3NaHCO3(s) + C6H8O7(s) = 3CO2(g) + 3H2O(l) + Na3C6H5O7(aq)
Who is the limiting reactant if you had 100g each of sodium bicarbonate and citric acid?
To determine the limiting reactant, we need to compare the number of moles of each reactant and see which one is used up completely or "limits" the reaction.

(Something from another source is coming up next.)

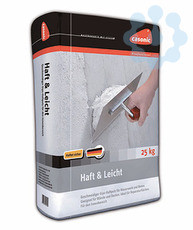 Haftputzgips Rot-Weiss, einlagiger Innenputz mit Haftzusätzen und hoher Ergiebigkeit für die Handverarbeitung auf allen üblichen Putzuntergründen sowie auf rauen oder glatten Betonflächen im Innenbereich einschließlich häuslicher Küchen und Bäder, bei glatten Untergründen ist eine Vorbehandlung mit Betokontakt erforderlich, geglättet, gefilzt oder in freier Struktur verarbeitbar, Verarbeitungszeit ca. 60 Minuten (je Verarbeitungsbedingungen), empfohlene Putzdicke 8mm, Materialverbrauch ca. 5qm / 30 kg-Sack bei 8mm Putzdicke, Lagerfähigkeit ca. 3 Monate, im Papiersack 30 kg

First, let's find the molar mass of each compound:
- Sodium bicarbonate (NaHCO3):
- Na = 22.99 g/mol
- H = 1.01 g/mol
- C = 12.01 g/mol
- O = 16.00 g/mol
- Total molar mass = 22.99 + 1.01 + 12.01 + (3 * 16.00) = 84.00 g/mol
- Citric acid (C6H8O7):
- C = 12.01 g/mol
- H = 1.01 g/mol
- O = 16.00 g/mol
- Total molar mass = (6 * 12.01) + (8 * 1.01) + (7 * 16.00) = 192.14 g/mol
Next, let's calculate the number of moles for each compound using the given mass:
- Moles of sodium bicarbonate (NaHCO3) = (mass of sodium bicarbonate / molar mass of NaHCO3)
- Moles of citric acid (C6H8O7) = (mass of citric acid / molar mass of C6H8O7)
Moles of sodium bicarbonate = (100 g / 84.00 g/mol) = 1.19 mol
Moles of citric acid = (100 g / 192.14 g/mol) = 0.52 mol
Since the reaction equation shows a 1:1 molar ratio between sodium bicarbonate and citric acid, we can conclude that the limiting reactant is the one with the lesser number of moles. In this case, the citric acid is the limiting reactant because it has 0.52 mol compared to the 1.19 mol of sodium bicarbonate.
Therefore, if you had 100g each of sodium bicarbonate and citric acid, the citric acid would be the limiting reactant.